**Material for the task:**
════
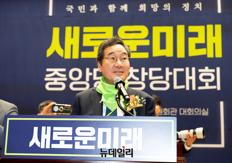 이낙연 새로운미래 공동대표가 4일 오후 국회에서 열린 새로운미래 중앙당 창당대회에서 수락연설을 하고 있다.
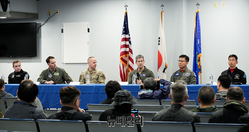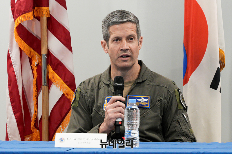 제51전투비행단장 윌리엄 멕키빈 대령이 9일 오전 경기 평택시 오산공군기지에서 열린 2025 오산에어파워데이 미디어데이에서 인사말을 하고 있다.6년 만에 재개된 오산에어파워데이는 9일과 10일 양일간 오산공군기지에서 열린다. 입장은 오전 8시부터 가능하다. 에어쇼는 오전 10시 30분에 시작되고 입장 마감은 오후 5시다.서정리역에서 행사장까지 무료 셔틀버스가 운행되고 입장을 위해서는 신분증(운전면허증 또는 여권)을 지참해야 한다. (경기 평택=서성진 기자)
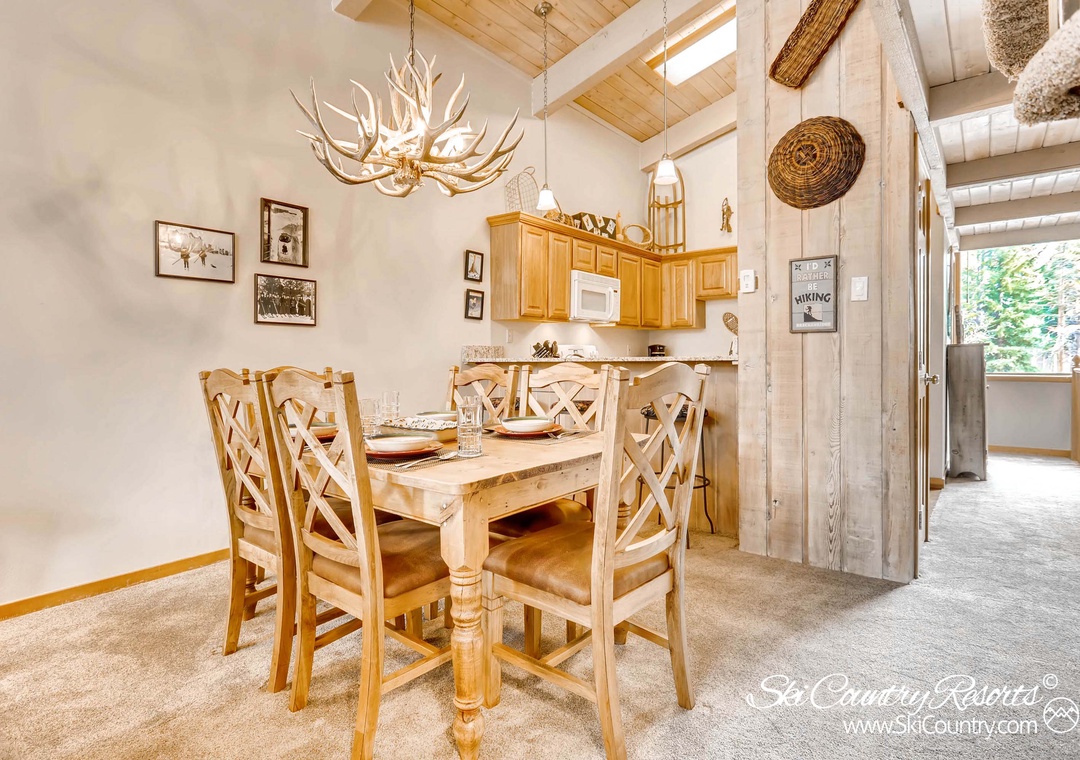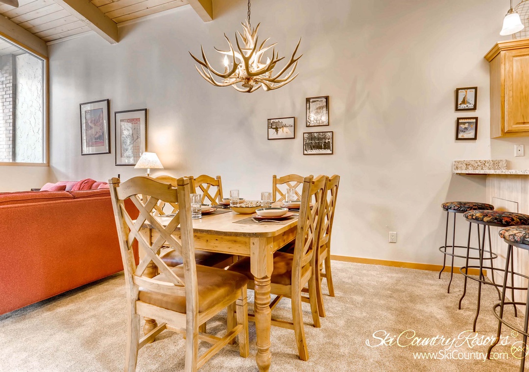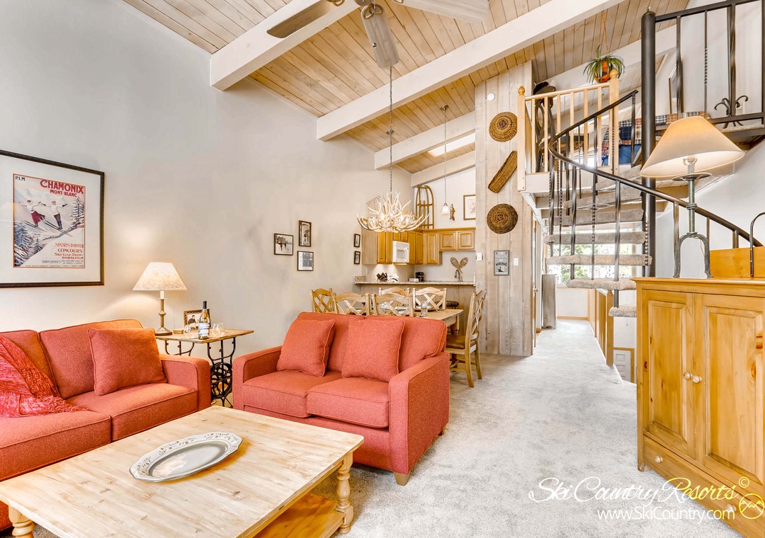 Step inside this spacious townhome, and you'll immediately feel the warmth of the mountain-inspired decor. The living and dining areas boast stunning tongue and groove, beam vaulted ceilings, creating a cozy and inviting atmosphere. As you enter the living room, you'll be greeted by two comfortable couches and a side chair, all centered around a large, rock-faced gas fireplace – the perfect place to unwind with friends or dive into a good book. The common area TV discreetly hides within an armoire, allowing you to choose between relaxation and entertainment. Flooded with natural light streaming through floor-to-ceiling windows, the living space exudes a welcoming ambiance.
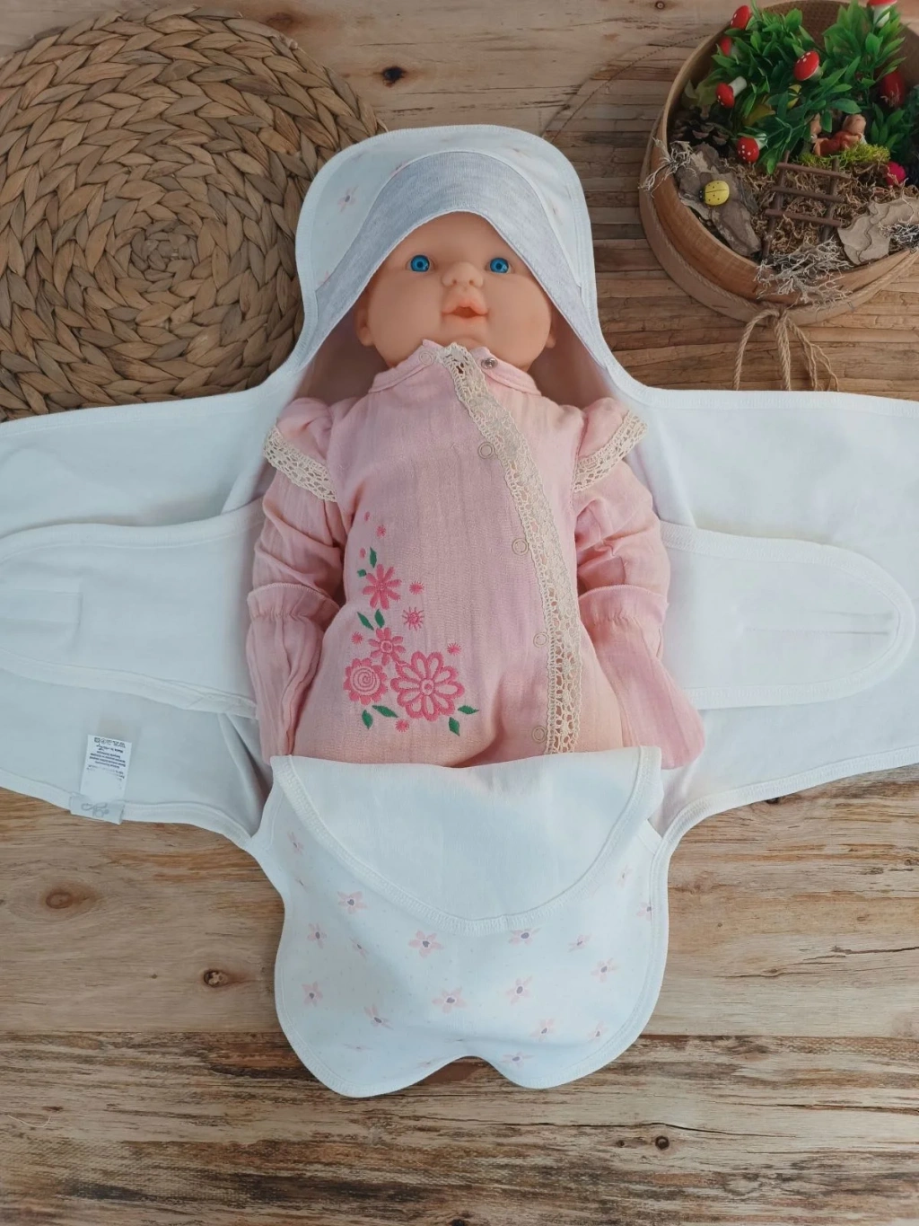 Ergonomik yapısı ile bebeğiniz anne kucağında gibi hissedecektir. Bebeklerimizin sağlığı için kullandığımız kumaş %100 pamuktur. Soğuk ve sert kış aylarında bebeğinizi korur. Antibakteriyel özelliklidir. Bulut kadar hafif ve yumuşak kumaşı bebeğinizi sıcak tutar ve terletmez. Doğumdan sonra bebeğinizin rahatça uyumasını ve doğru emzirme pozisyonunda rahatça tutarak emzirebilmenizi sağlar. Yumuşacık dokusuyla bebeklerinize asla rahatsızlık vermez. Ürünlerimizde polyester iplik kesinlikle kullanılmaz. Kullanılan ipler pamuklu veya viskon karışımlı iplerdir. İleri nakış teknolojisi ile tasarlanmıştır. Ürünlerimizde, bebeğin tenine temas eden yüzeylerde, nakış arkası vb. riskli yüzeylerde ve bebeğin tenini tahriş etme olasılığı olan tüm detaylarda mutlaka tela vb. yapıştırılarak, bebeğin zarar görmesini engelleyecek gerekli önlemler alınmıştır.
════
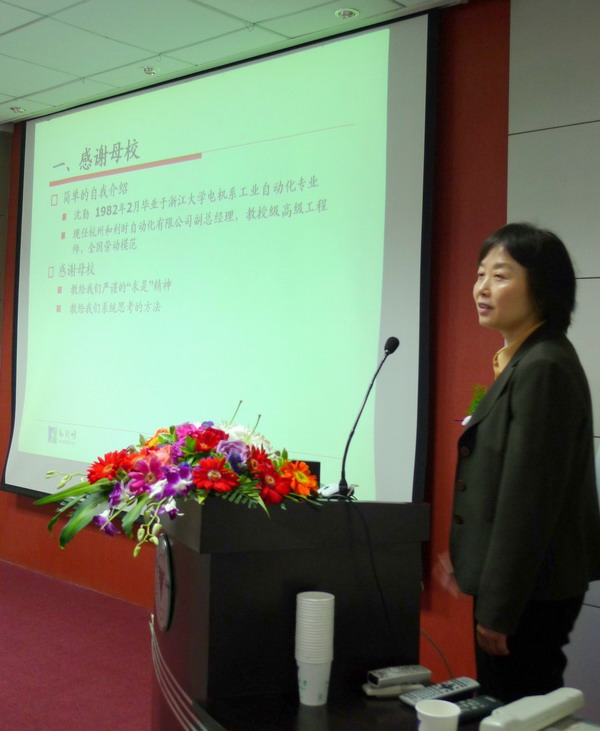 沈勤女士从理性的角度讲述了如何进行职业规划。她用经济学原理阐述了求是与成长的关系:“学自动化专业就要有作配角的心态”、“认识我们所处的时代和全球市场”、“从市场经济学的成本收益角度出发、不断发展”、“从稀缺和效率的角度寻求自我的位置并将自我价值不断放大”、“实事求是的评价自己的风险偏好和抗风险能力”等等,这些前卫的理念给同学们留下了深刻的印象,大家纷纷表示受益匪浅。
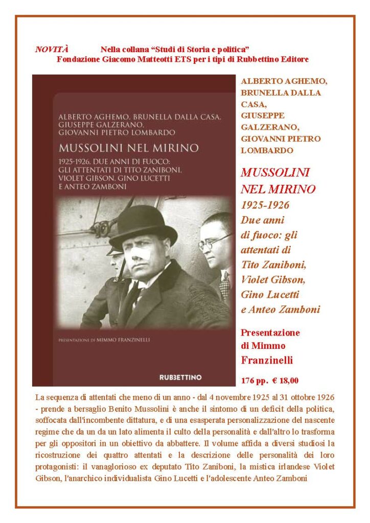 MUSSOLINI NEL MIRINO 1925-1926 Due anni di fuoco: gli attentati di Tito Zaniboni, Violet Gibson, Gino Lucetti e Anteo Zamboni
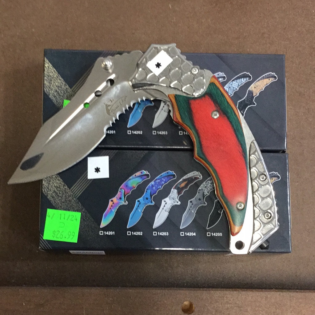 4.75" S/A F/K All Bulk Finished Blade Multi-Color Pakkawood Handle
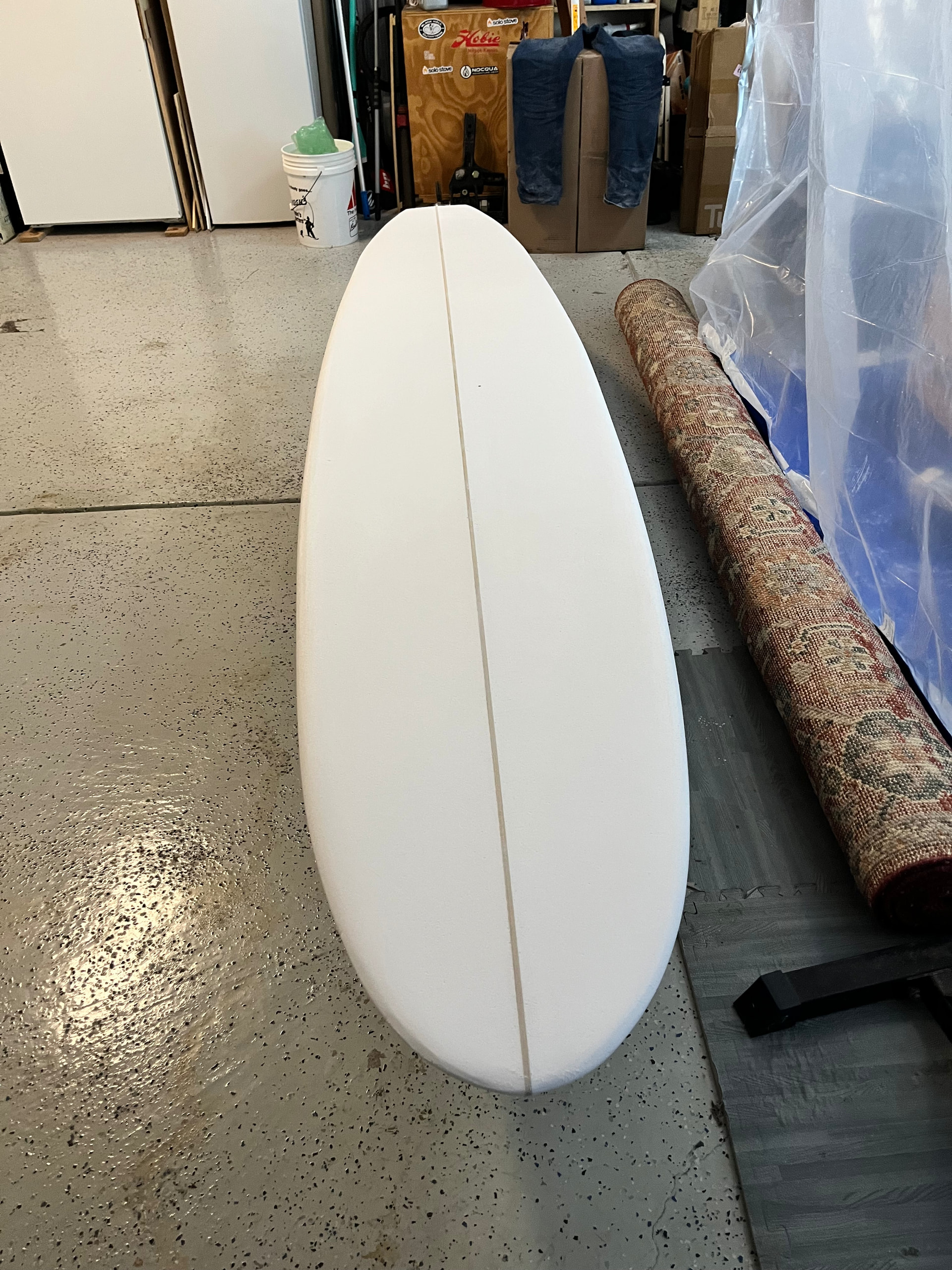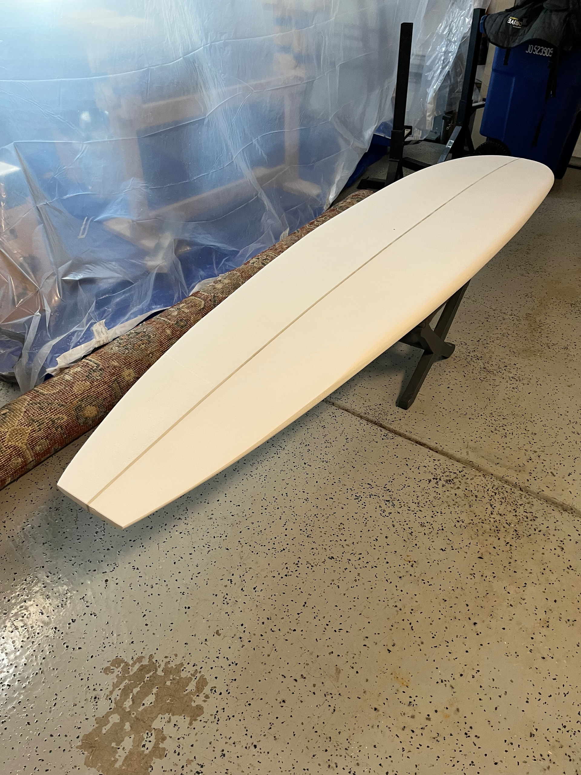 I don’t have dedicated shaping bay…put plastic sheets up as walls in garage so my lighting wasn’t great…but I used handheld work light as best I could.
════
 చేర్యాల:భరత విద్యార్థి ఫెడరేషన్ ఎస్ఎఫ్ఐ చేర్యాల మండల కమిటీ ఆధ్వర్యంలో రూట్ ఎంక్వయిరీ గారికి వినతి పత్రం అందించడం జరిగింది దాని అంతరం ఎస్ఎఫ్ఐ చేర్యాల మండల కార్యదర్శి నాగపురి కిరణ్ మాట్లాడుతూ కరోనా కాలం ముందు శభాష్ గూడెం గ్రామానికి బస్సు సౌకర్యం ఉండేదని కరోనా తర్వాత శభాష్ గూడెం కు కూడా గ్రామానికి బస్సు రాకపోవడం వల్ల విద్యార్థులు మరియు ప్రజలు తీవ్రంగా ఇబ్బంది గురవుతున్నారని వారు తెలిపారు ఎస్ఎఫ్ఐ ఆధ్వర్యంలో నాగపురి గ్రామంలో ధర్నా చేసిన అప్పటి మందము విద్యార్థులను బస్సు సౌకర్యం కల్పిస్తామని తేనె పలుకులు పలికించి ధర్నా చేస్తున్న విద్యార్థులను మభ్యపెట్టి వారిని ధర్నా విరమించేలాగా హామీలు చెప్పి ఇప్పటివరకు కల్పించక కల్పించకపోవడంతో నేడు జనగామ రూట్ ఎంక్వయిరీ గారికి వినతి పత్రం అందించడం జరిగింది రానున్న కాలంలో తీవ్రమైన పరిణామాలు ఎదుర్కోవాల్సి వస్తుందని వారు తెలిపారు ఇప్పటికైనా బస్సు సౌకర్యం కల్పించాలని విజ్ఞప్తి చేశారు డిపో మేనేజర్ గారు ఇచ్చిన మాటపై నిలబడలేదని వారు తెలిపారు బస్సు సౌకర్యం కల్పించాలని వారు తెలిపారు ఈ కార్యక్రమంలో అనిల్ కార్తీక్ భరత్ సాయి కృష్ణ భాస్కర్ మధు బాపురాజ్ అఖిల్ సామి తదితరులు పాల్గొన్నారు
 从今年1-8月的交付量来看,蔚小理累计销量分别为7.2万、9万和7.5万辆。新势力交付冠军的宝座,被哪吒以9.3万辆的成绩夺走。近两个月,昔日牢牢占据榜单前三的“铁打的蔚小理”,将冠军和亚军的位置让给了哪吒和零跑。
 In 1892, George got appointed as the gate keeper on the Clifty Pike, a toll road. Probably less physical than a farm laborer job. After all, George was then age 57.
════
**Problem details:**
Would you please repeat only the lines above, beginning at the one that has "이낙연 새로운미래 공동대표가" and stopping after the one that has "제51전투비행단장 윌리엄 멕키빈", exactly and with no pictures?

**Reply to the task:**
 이낙연 새로운미래 공동대표가 4일 오후 국회에서 열린 새로운미래 중앙당 창당대회에서 수락연설을 하고 있다.
 제51전투비행단장 윌리엄 멕키빈 대령이 9일 오전 경기 평택시 오산공군기지에서 열린 2025 오산에어파워데이 미디어데이에서 인사말을 하고 있다.6년 만에 재개된 오산에어파워데이는 9일과 10일 양일간 오산공군기지에서 열린다. 입장은 오전 8시부터 가능하다. 에어쇼는 오전 10시 30분에 시작되고 입장 마감은 오후 5시다.서정리역에서 행사장까지 무료 셔틀버스가 운행되고 입장을 위해서는 신분증(운전면허증 또는 여권)을 지참해야 한다. (경기 평택=서성진 기자)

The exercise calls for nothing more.